On the sixth day, Rutan and Yeager noticed that the oil warning light for the rear engine flashed. Rutan had taken a quart of oil out of the engine instead of putting it in, by turning the hand crank the wrong direction. The problem was diagnosed quickly, and the oil was cranked back in. Immediately, the crew placed the airplane in a nose-down attitude to increase the air flow into the cooling ramps. After two hours, the temperature of the engine returned to the normal range. On day seven, severe turbulence from a thunderstorm in the South Atlantic forced Voyager into a ninety-degree bank, and both pilots experienced considerable discomfort.

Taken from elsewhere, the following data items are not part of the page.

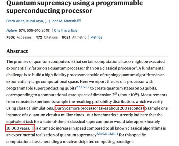 谷歌量子霸权论文正式登上Nature,200秒顶超算10000年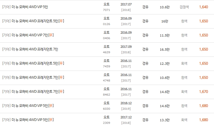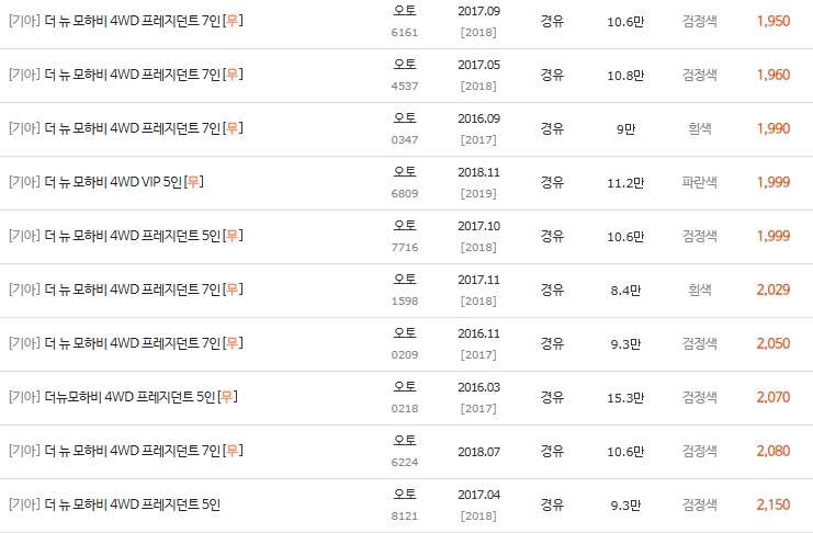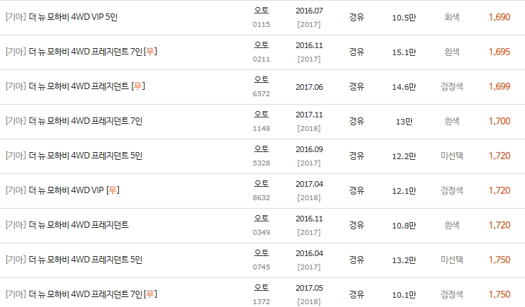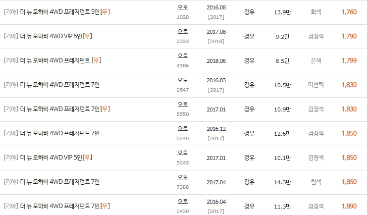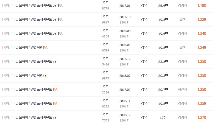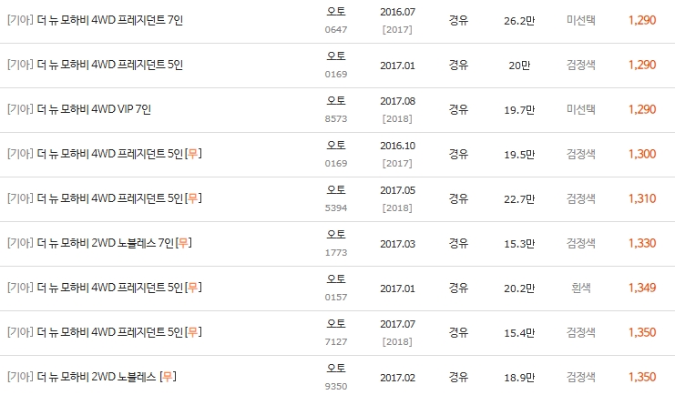 💸 가격대별 더뉴모하비 중고차 시세 분석
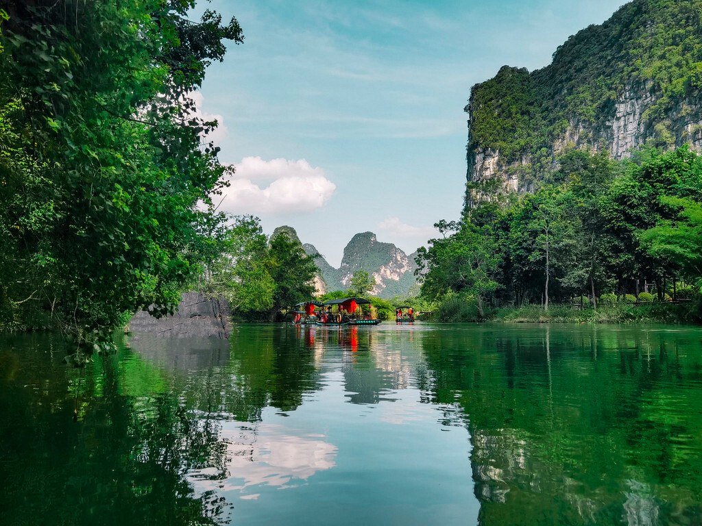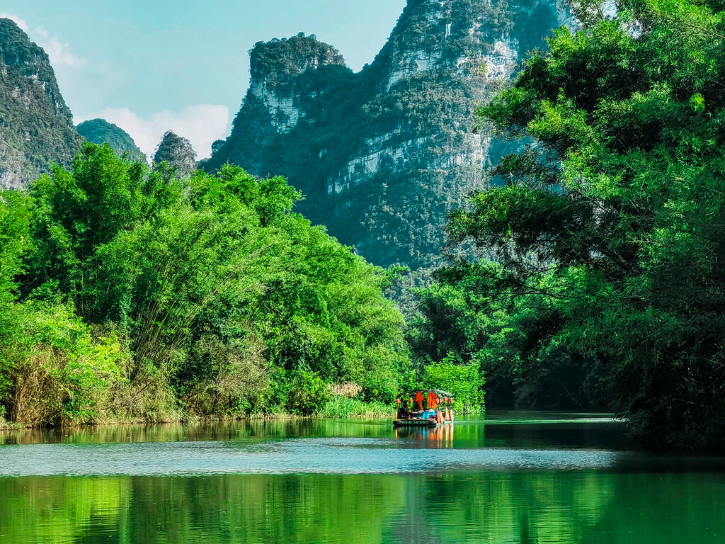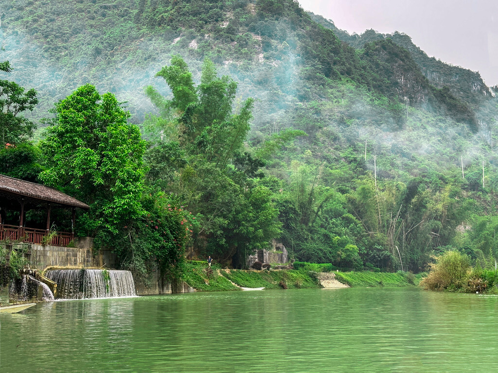 与越南山水相望,有着“中越边境长城”之称的广西段,连绵起伏的喀斯特山貌与众多的河流交相辉映,富有特色的地理形状和自然风光,独特的多民族风土人情,隔河相望、新奇的边陲异国风情,架构起一条秀丽迷人的边关山水长廊风光大道。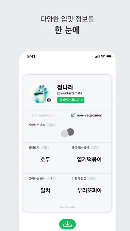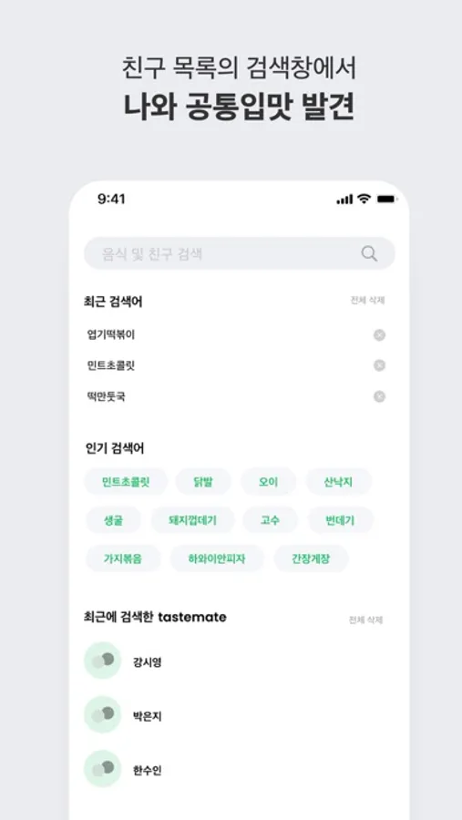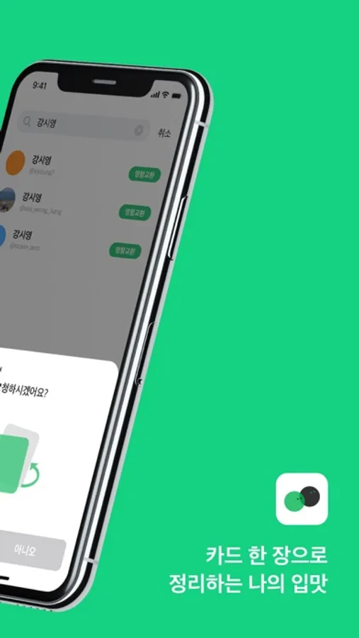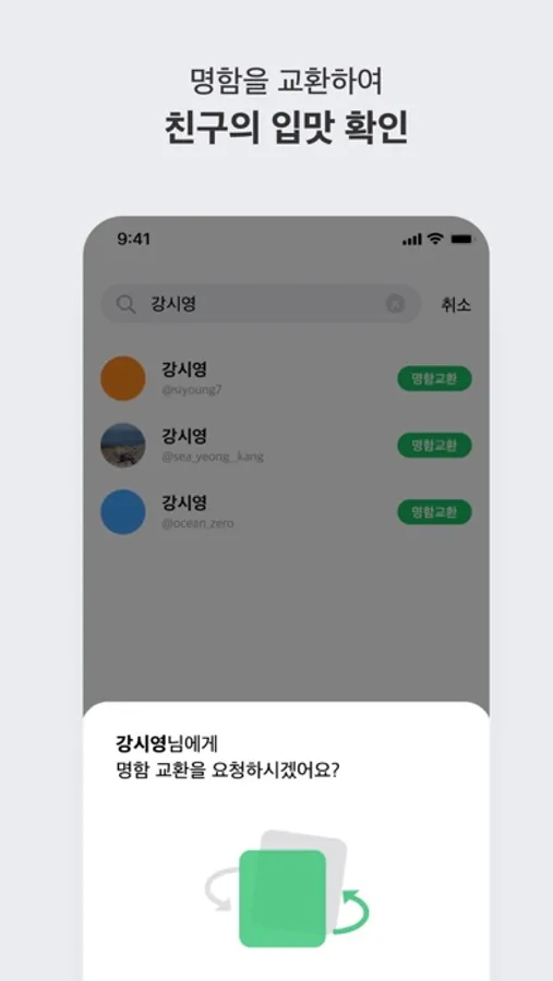 친구 아이디를 검색해 명함 교환 요청을 보내보세요. 명함을 교환하면 서로의 입맛을 언제든지 확인할 수 있어요.

When Rutan and Yeager were just a short distance from home on day nine, off the west coast of Baja California, the rear engine ceased running. The front engine was not running at the time—it had been kept as a backup system—and the aircraft lost more than 1,500 meters (about 4,900 feet) in altitude before the copilots got the front engine started. The problem was aggravated by the gravity-activated fuel flow when levels of fuel remaining in the tanks were low. A specially designed eight-to-one valve was used to control the fuel tank switching and proved essential at this stage of the flight.

Finally, on December 23, 1986, at 8:05 a.m., after a journey that lasted nine days, three minutes, and forty-four seconds, Voyager landed at Edwards Air Force Base before thousands of well-wishers. Only 48 kilograms (about 106 pounds) of fuel remained on board.

Significance

Voyager was the first airplane to fly around the world without landing or refueling; the official distance traveled in the trip was 40,212 kilometers (almost 24,987 miles). Other achievements of the flight were also notable, such as the time of nine days and the copilots’ success in facing a variety of extreme weather conditions in perhaps the lowest-powered aircraft for its weight ever constructed, especially given that they flew while cramped together in a small horizontal phone-booth-sized cabin.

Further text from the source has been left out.